Making Accessibility the Default: Continuous Accessibility Practices

A presentation at Portland Accessibility and User Experience Meetup by Andrew Hedges

Often relegated to episodic efforts such as late-stage audits and ad hoc projects, digital accessibility is most effective and efficient when it is the organization’s default mode of operation. Making the shift to continuous accessibility leads to better outcomes across the board, including improving the experience of disabled users, mitigating the risk of accessibility-related lawsuits, improving brand reputation, and even creating a positive return on investment (ROI).

In this talk we provide practical strategies for embedding accessibility into daily routines and technical systems, demonstrating how to start small and scale over time. Key topics include:

  • Establishing a repeatable accessibility routine and improving it over time.
  • The importance of data and metrics, such as bug counts and time-to-resolution (TTR), to establish a baseline and measure progress.
  • Rallying cross-functional allies to drive change (yes, even without C-suite mandates).
  • Creating a unified system where human workflows and technical tools work in concert.

A real world case study illustrates how the strategic application of automated regression testing and clear bug prioritization led to a profound cultural shift where accessibility is treated like any other product quality concern. Attendees will leave with actionable ideas for initiating and sustaining cultural change, making the case for accessibility as a core business principle.

About the Presenters

Devon Persing is your neighbor to the north in Seattle, WA. Before joining “big” tech as an accessibility specialist around 2012, she worked in “small” tech as a UI designer, front-end web developer, and usability advocate in libraries, higher education, and local government. She has an MS in Information and is disabled, chronically ill, and neurodivergent, and as a result her approach to digital accessibility centers information literacy, organization dynamics, and disability justice. Her current focus as a solo consultant is on helping people do accessibility work that is more holistic, inclusive, cooperative, and sustainable. She wrote a book called The Accessibility Operations Guidebook with that goal in mind.

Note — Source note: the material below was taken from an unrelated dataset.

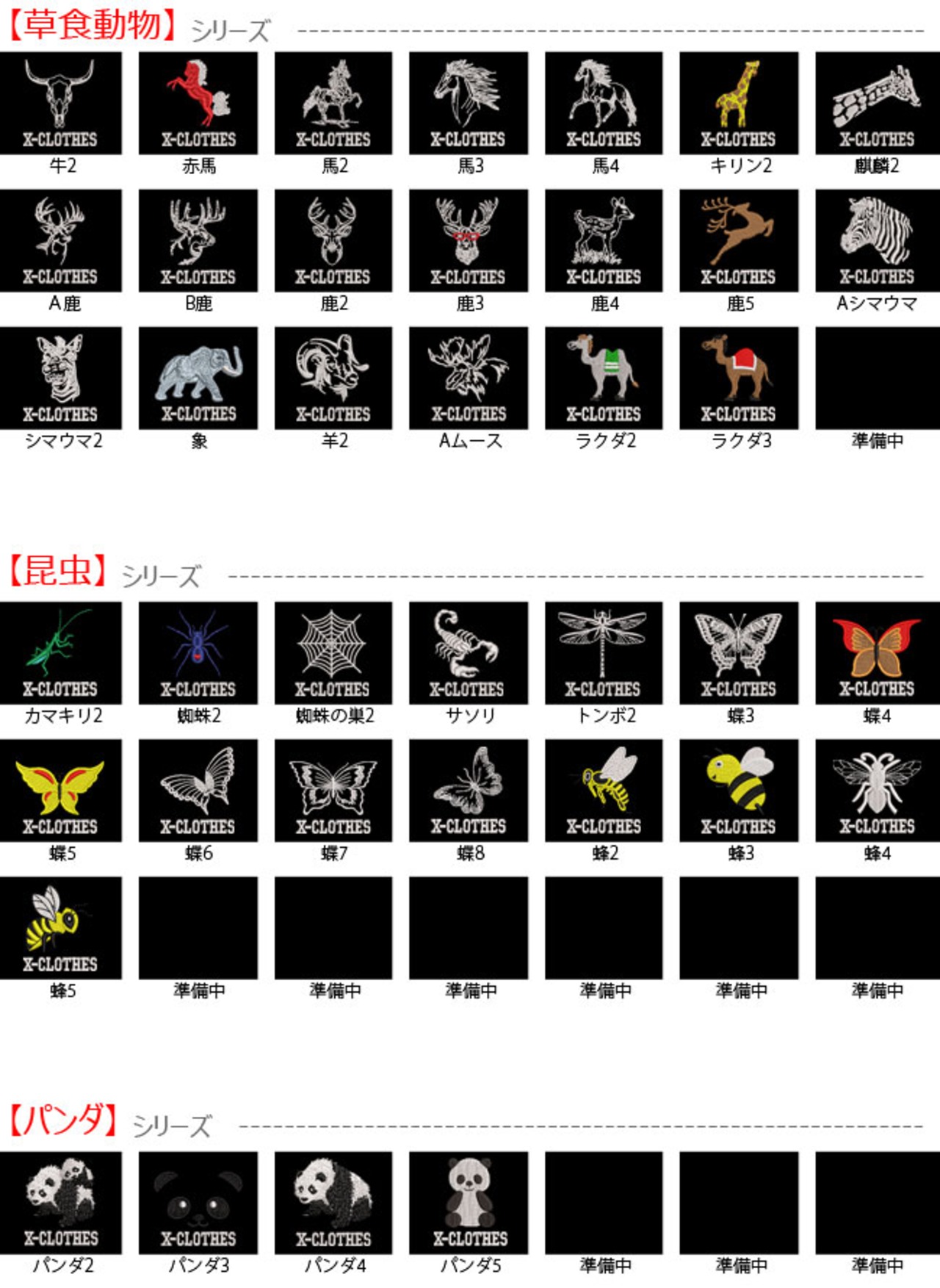 対応刺繍一覧:X-CLOTHES A B C D E F G 2 3 4 5 6 7 8 9 10 11 12 13 14 15 16 17 18 19 20 21 22 23 24 25 26 27 28 29 30 31 32 33 34 35 36 37 38 39 猫 パンダ 犬 アライグマ うさぎ ウサギ カメ キツネ コアラ ハリネズミ 針ネズミ リス 狼顔 狼 熊顔 熊 虎 豹顔 豹 ライオン ライオン顔 牛 赤馬 馬 キリン 麒麟 鹿 シマウマ 象 羊 ムース ラクダ カマキリ 蜘蛛 蜘蛛の巣 サソリ トンボ 蝶 蜂 イグアナ カメレオン トカゲ ワニ イルカ カジキ 鯉 鯨 グッピー クマノミ 魚 サメ タコ タツノオトシゴ 熱帯魚 マグロ インコ クジャク 小鳥 鶏の親子 シマエナガ 鷹 ハチドリ ハト ひよこ フクロウ フラミンゴ 文鳥 ペンギン 梅 桜 ハイビスカス 花 薔薇 かぼちゃ キノコ さやえんどう X唐辛子 ハート唐辛子 トマト ナス 人参 白菜 ブロッコリー ラディッシュ イチゴ さくらんぼ パイナップル パプリカ リンゴ 洋ナシ 雨 落葉 傘 木と動物 クローバー サンゴ 焚火 葉っぱ 葉っぱ ハワイアン ヤシの木 雪 グッズ 珍しい 雑貨 プレゼント 誕生日 ギフト 卒団 記念品 部活 卒業 アマビエ 三密 あまびえ 3密 疫病退散 夏用

Portlander by birth and by choice, Andrew Hedges is COO for Assistiv Labs, an accessibility tooling company based in the PNW. His 28-year career as a web developer and engineering leader has taken him to companies from Apple to Zapier. As a longtime advocate for improving the usability of websites for people with disabilities, Andrew would love nothing more than for accessibility to become the default so we can finally realize the original promise of the web to democratize access to information for everyone.